• YOUR ASSIGNMENT
Transcribe, starting at the line with "Escultura compuesta por" and ending at the line with "Пресс-клещи для обжима", every line of the material below exactly, but leave out the pictures and anything outside that span.

• SUPPLIED MATERIAL
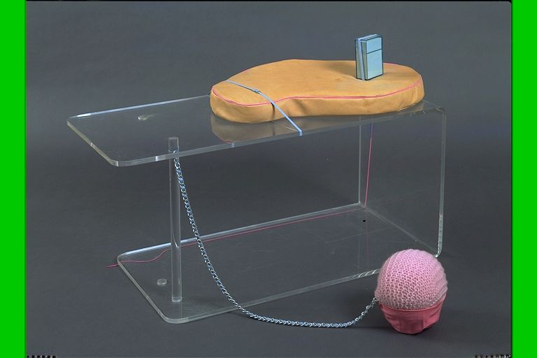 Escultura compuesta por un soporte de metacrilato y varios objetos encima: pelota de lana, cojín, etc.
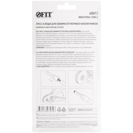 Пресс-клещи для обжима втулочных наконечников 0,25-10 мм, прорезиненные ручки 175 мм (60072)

--

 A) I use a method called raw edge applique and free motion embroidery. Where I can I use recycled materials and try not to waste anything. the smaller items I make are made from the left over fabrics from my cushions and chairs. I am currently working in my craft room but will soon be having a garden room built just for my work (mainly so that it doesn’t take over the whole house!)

• RESPONSE AREA
 Escultura compuesta por un soporte de metacrilato y varios objetos encima: pelota de lana, cojín, etc.
 Пресс-клещи для обжима втулочных наконечников 0,25-10 мм, прорезиненные ручки 175 мм (60072)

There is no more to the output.